Jellystone Park Hiking
Jellystone Park™ campgrounds offer the best of both worlds, with modern amenities in natural surroundings. If you desire the great outdoors, hike on a wooded trail and teach your kids about trees, birds, and bugs. Many parks have hiking trails in or near the park, and our locations out west provide spectacular views!
- Estes Park, Colorado is located only 8 miles from Rocky Mountain National Park. Talk about beautiful scenery!
- Hike through Glacier Park near our location in Missoula, Montana ; there are more than 700 miles of trails that wind past hidden valleys and lakes.
- In Bagley, Wisconsin you can bike down a trail next to Boo Boo™ Creek, or hike along the Avalanche Trail.
- Walk alongside the water fowl habitat at Partridge Lake in Fremont, Wisconsin.
- Nestled at the edge of the beautiful Great Smoky Mountains National Park, the famous Maddron Bald/Albright Grove Trail head is just feet away from the Gatlinburg, Tennessee campground.
- Hiking trails in the beautiful Shenandoah Valley of Virginia and hunting in the adjoining Jefferson National Forest at our Natural Bridge, Virginia location is sure to appeal to the sportsman!

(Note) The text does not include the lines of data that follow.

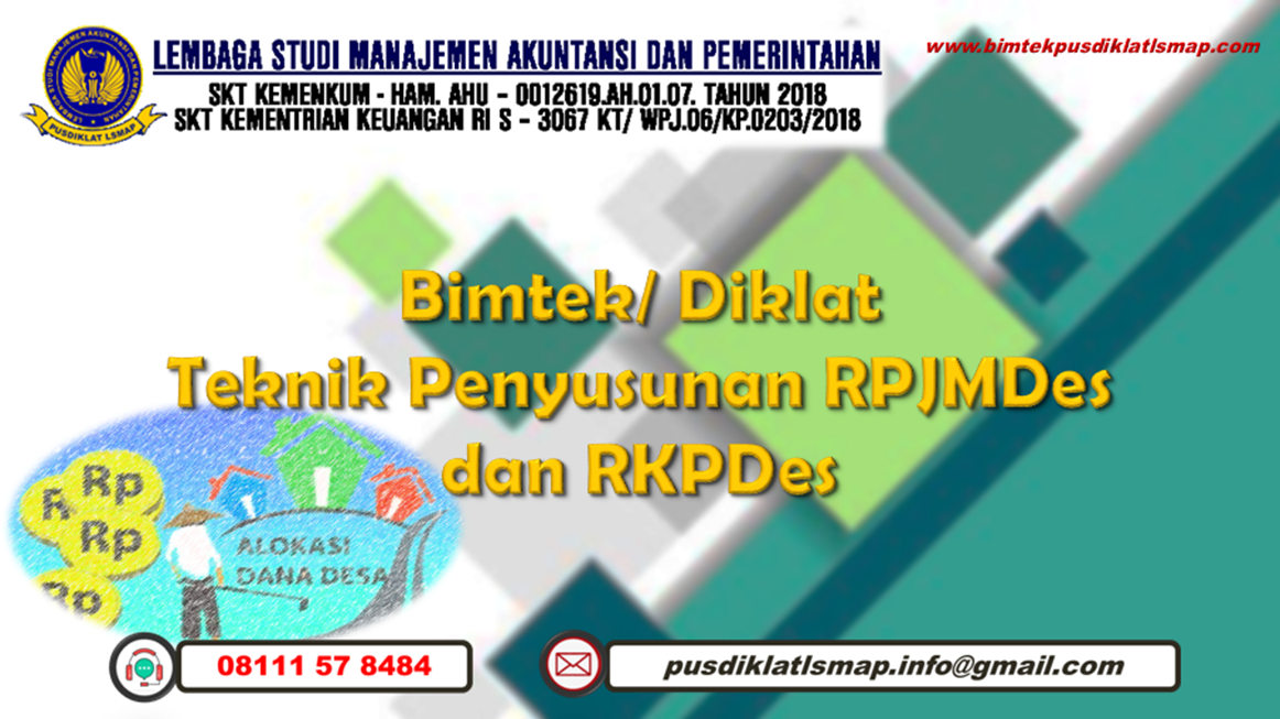 Sehubungan dengan hal di atas dalam rangka Peningkatan Kapasitas dan Kapabilitas guna mendukung kebijakan serta regulasi baru Pemerintah Pusat. Maka kami Lembaga Studi Manajemen Akuntansi dan Pemerintahan mengajak Bapak/Ibu/Saudara(i) Aparatur di Lingkungan Pemerintahan Provinsi, kabupaten dan Kota untuk mengikuti Bimbingan Teknis dengan Tema: Bimtek Teknik Penyusunan RPJM Desa dan RKP Desa.
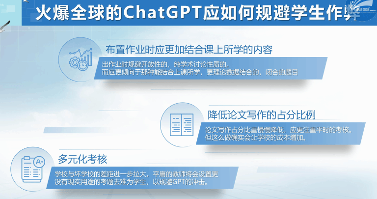 针对这些挑战,赖教授提出了一系列切实可行的实践建议。他建议设计更具针对性的作业和考核方式,降低论文写作在总评分中的比重,更注重平时的考核。同时,他鼓励教师们积极利用ChatGPT等工具进行教学创新,同时保持对学生学术诚信的严格要求,确保教育教学的质量和效果。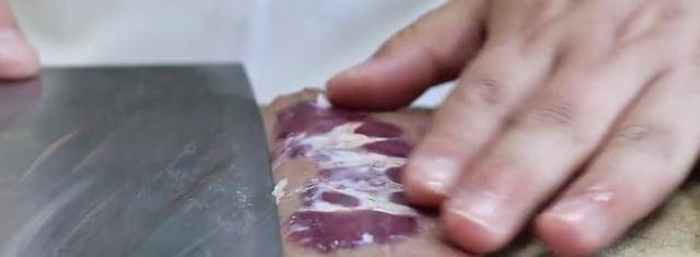 2.豬腰清洗幹凈後,從中間再次片開,片成兩層,打斜刀把豬腰切成腰絲,放入碗中備用;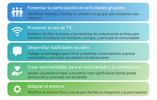 - La promoción del ocio y la participación social identifica y facilita la participación en actividades de ocio placenteras y significativas, creando oportunidades sociales que combaten la soledad y promueven la conexión social.
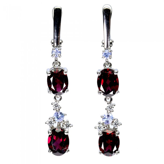 С5117Natural Tanzanite, Pearl, Rhodolite Garnet 44.0 X 13.0 MM.Вага 9.12 гр.Срібло 925 проби покрите білим золотом.Розмір каміння - 1.0 TO 2.0 MM., PEARL 6.0 TO 7.0 MM.Чистота - If To Vvs.Обробка - Unheated.Походження - Tanzania - Africa...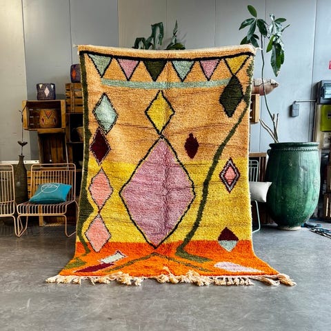 Måtten har en dristig og harmonisk geometrisk sammensætning, struktureret omkring diamantmotiver og flydende lineære elementer. Den livlige farvepalette kombinerer varm gul, orange, pink, olivengrøn, bordeaux og bløde pastelfarvetoner, hvilket skaber en stærk, men afbalanceret dekorativ tilstedeværelse. Designet er udtryksfuldt og moderne, hvilket perfekt forener Berber-tradition og moderne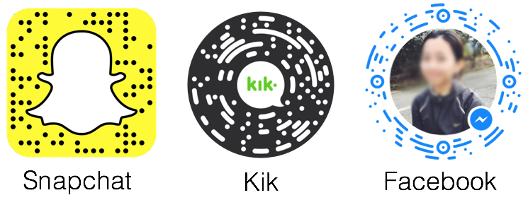 當(dāng)時就在想,這么不像二維碼的碼真的能掃出來?結(jié)果一試還真可以!后面通過查找資料才發(fā)現(xiàn),原來這種異形二維碼并不是微信的首創(chuàng),F(xiàn)acebook、Snap 等公司都已經(jīng)推出過類似的異形碼: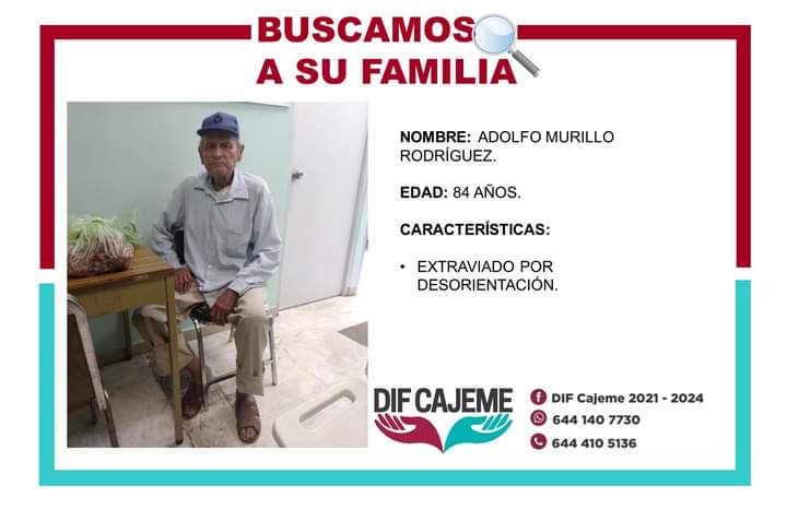 Se agradece cualquier información relacionada al señor Alfonso Murillo Rodríguez, de 84 años, el cual se encuentra desorientado y no recuerda donde vive.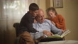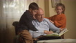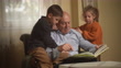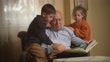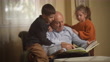 Old man reading stories to his young grandson and granddaughter in living room at home
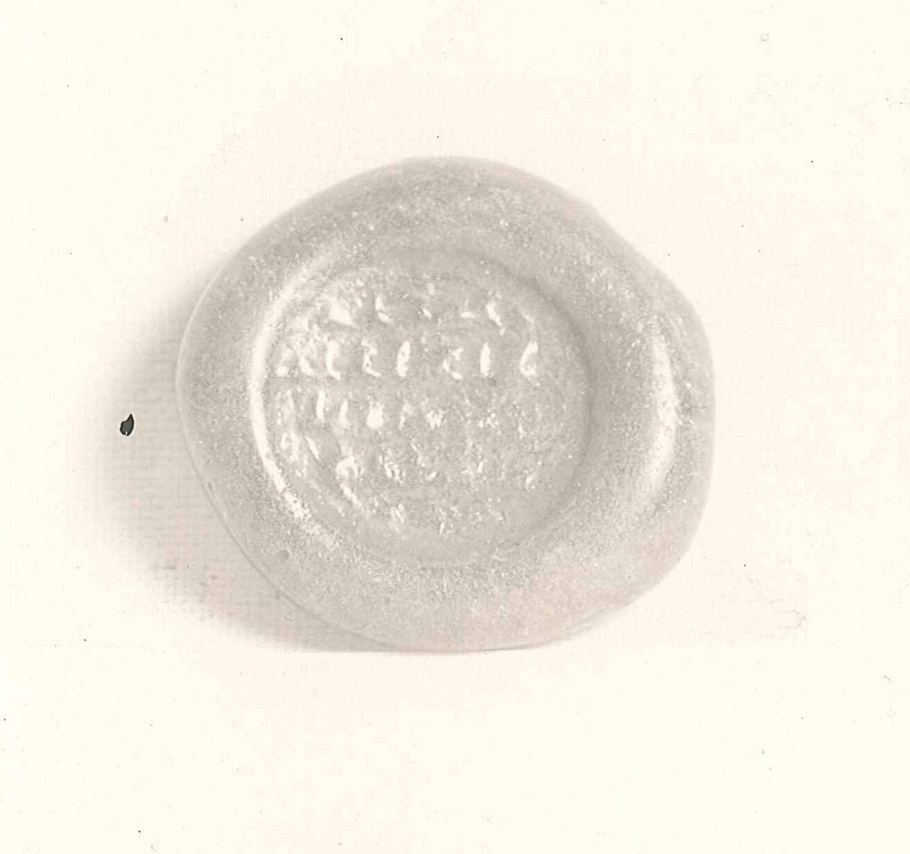 DescriptionSemi-translucent blue glass with Cufic inscription impressed in the center.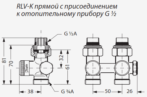 ческого обслуживания без опорожнения всей системы отопления. Для дренажа отдельного отопительного прибора на клапан Danfoss RLV-K (003L0280) надевается специальный спускной кран. Клапаны изготавливаются из латуни с никелевым покрытием в прямом и угловом исполнении.С помощью специальных переходников может присоединяться к штуцерам отопительного прибора с внутренней резьбой G ½ или наружной резьбой G ¾ A. Переходники являются само уплотняющи мися. Поставляются с завода настроенные для применения в двухтруб ной системе отопления. Переключение клапана для работы в однотрубной системе производится простым враще нием затвора байпаса.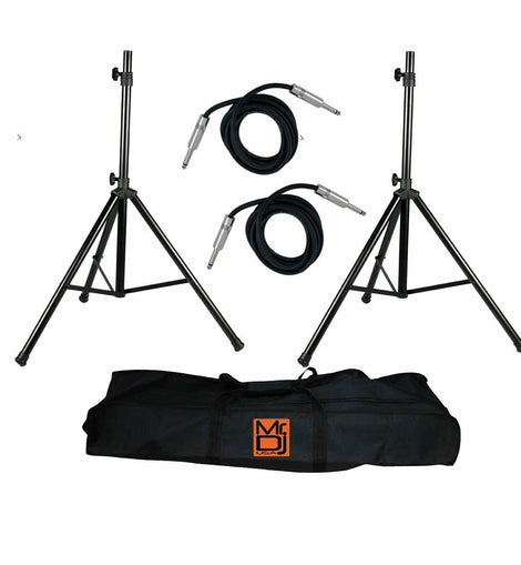 MR DJ SS750PKG Speaker Stand Universal Black Heavy Duty Folding Tripod PRO PA DJ Home On Stage Speaker Stand Mount Holder with Road Tote Carrying Bag and 2 1/4" 25' Cable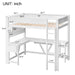Full Size Gaming Loft Bed With Desk, Storage Shelves, LED And Charging Station - White
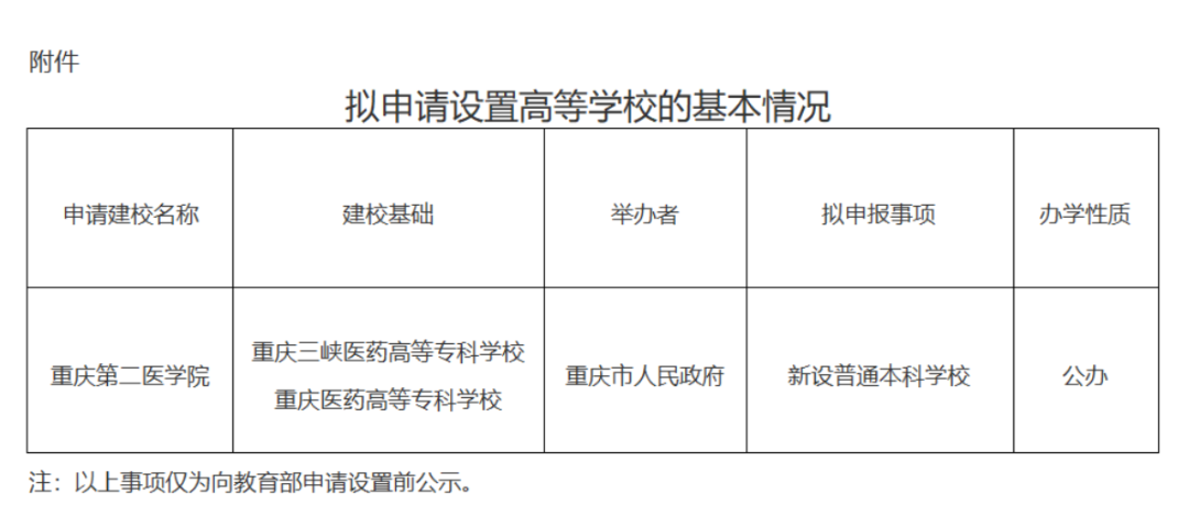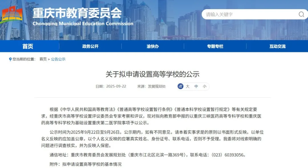 9月22日,重庆市教育委员会发布《关于拟申请设置高等学校的公示》,根据《中华人民共和国高等教育法》《普通高等学校设置暂行条例》《普通本科学校设置暂行规定》等有关规定要求,经重庆市高等学校设置评议委员会专家考察和评议,现对拟向教育部申报的以重庆三峡医药高等专科学校和重庆医药高等专科学校为基础设置重庆第二医学院事项予以公示。

Here are a few pointers for day hiking:
It seems obvious, but it is never safe to hike alone or separate from your group. Accidents happen; therefore it’s a good idea for all hikers to carry a whistle. Three short blasts on a whistle are a sign of distress.
Teach children to “hug a tree” if they become lost. This means staying in one place so that rescue personnel can find them more easily. Also, tell children to answer if they hear someone calling their name in the woods.
Next, it’s important to plan ahead. Choose a trail that’s right for your family in distance and difficulty. Most government-run parks carry trail maps that rate trails on their level of difficulty – from easy to rugged. While hiking, stay on marked trails. Venturing into unmarked areas not only hurts the habitat, but increases your chance of getting lost.
Ensure that you are all dressed according to the weather, but that you have taken along protective wear in case of rain or cold. Good, sensible walking shoes and well-fitting socks are very important, as are hats. Make sure that everyone is wearing sunscreen and lip balm, even if it is cloudy.
Each member of your hiking party should carry water, and if you plan on a long hike, take a water purifier or filter. Don’t forget a basic first aid kit, which should include some bandages and gauze; a pair of scissors and some antiseptic lotion; pain reliever and antacid, as well as any prescribed medication. Encourage everyone, especially the children, to keep hydrated. Each person should also carry emergency rations in the form of energy bars or trail mix.
Don’t set goals that are unrealistic, especially if there are new hikers or children in the group. Rest frequently and be prepared to stop or turn back should it be evident that one of your group needs a break.
Along the way, it’s fun to identify trees, flowers, birds and animal tracks. Pick up a guide from your local library or bookstore to help your family spot the plant and animal life.
Ultimately, hiking is not about going the furthest or the fastest. It’s about getting outdoors and making memories!
Many of our parks offer nature walks or biking paths through beautiful trees or around ponds and lakes, so put on your hiking boots, pack some trail mix, and breathe in fresh air!